Here's the function as it currently stands (like I said, a little crude for now):

char* add_spaces_to_string(const char* input)
{
    char input_string[100];
    strcpy(input_string, input);

    char* output = (char*)malloc(sizeof input_string * 2);

    const char capitals[] = "ABCDEFGHIJKLMOPQRSTVWXYZ";
    const char numbers[] = "1234567890";
    const char mc[] = "Mc";

    // Special case for the first character, we don't touch it
    output[0] = input_string[0];

    unsigned int output_index = 1;
    unsigned int capital_found = 0;
    unsigned int number_found = 0;
    for (unsigned int input_index = 1; input_string[input_index] != '\0'; input_index++)
    {
        for (int capitals_index = 0; capitals[capitals_index] != '\0'; capitals_index++)
        {
            if (capitals[capitals_index] == input_string[input_index] 
                && capital_found < input_index - 1
                && number_found < input_index - 1)
            {
                capital_found = input_index;
                //printf("Found a capital character (%c), in position %u. Adding a space.\n", input_string[i], i);
                output[output_index] = ' ';
                output_index++;
                output[output_index] = input_string[input_index];
            }
        }

        for (int numbers_index = 0; numbers[numbers_index] != '\0'; numbers_index++)
        {
            if (numbers[numbers_index] == input_string[input_index] 
                && capital_found < input_index - 1
                && number_found < input_index - 1)
            {
                number_found = input_index;
                output[output_index] = ' ';
                output_index++;
                output[output_index] = input_string[input_index];
            }
        }
        output[output_index] = input_string[input_index];
        output_index++;
    }
    output[output_index] = '\0';

    return output;
}

With the above, simple examples like

"AnotherPieceOfTextWithoutSpaces" 

are correctly converted to

"Another Piece Of Text Without Spaces"

but more complex ones, like

"A10TankKiller2Disk" 

are not - it returns

"A1 0Tank Killer 2Disk" 

in that case.

So the question is, why am I getting spaces in the positions I don't want, while not getting them where I want (Based on the rules I mentioned above)?

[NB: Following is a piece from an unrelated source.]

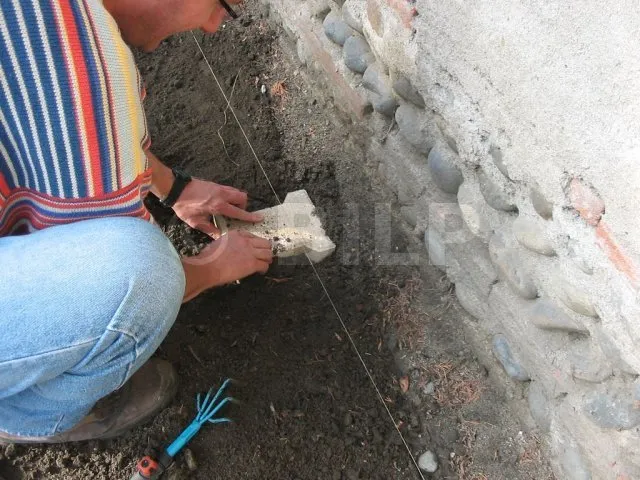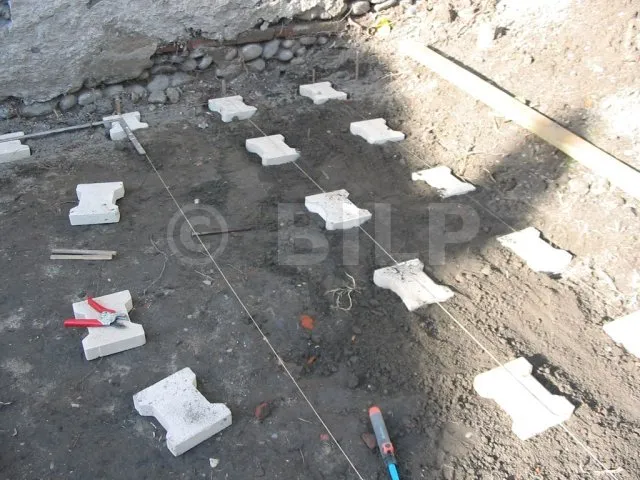 Verlegen der Pflastersteinreihen
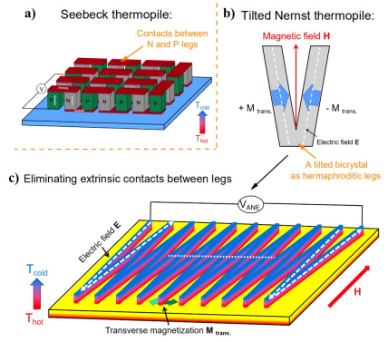 图中,a)塞贝克热电堆;b)V形状的倾斜双晶(双基元);c)倾斜能斯特热电堆。

Any pointers to the right direction would be greatly appreciated! :)

MiDWaN
  • 35
  • 6
  • Can you use Flex&Bison? – Juan Aug 16 '18 at 08:55
  • I don't uderstand why "A10TankKiller2Disk" should be returned as "A10 Tank Killer 2 Disk" rather than "A 10 Tank Killer 2 Disk". Your specification concerning the handling of numbers looks incomplete. But anyway, the question is too broad. – Jabberwocky Aug 16 '18 at 09:01
  • Hint: I think you should rewrite the function from scratch and introduce the two helper functions (which you need to write) `int IsCapitalLetter(char c)` and `int IsDigit(char c)`. – Jabberwocky Aug 16 '18 at 09:04
  • The first character of the input string is always skipped (see related line in the sample code), that's why A10 Tank Killer 2 Disk should look like that ("A" will be the first character, and "1" will be the first number, so no spaces will be added). I'm looking at writing helper functions at the moment actually, thanks – MiDWaN Aug 16 '18 at 09:07
  • @MiDWaN If the sequence is "aaABbb" what is the result ? And "Mc10MM" ? AAMcMM" ? If you're having a real trouble to do your function, maybe start looking about "finite state machine". Even if you don't use it, it can help you to have a clean aproach. – Tom's Aug 16 '18 at 10:33
  • @Tom I got it working by rewriting the detection logic (using C functions for that), check my answer below ;) – MiDWaN Aug 16 '18 at 11:31

1 Answers1

0

Edit: The detection of capitals and digits was more complex than necessary. Also, it would go in the routine of adding a space at the incorrect position, when a digit followed another digit, and when a capital letter followed a digit.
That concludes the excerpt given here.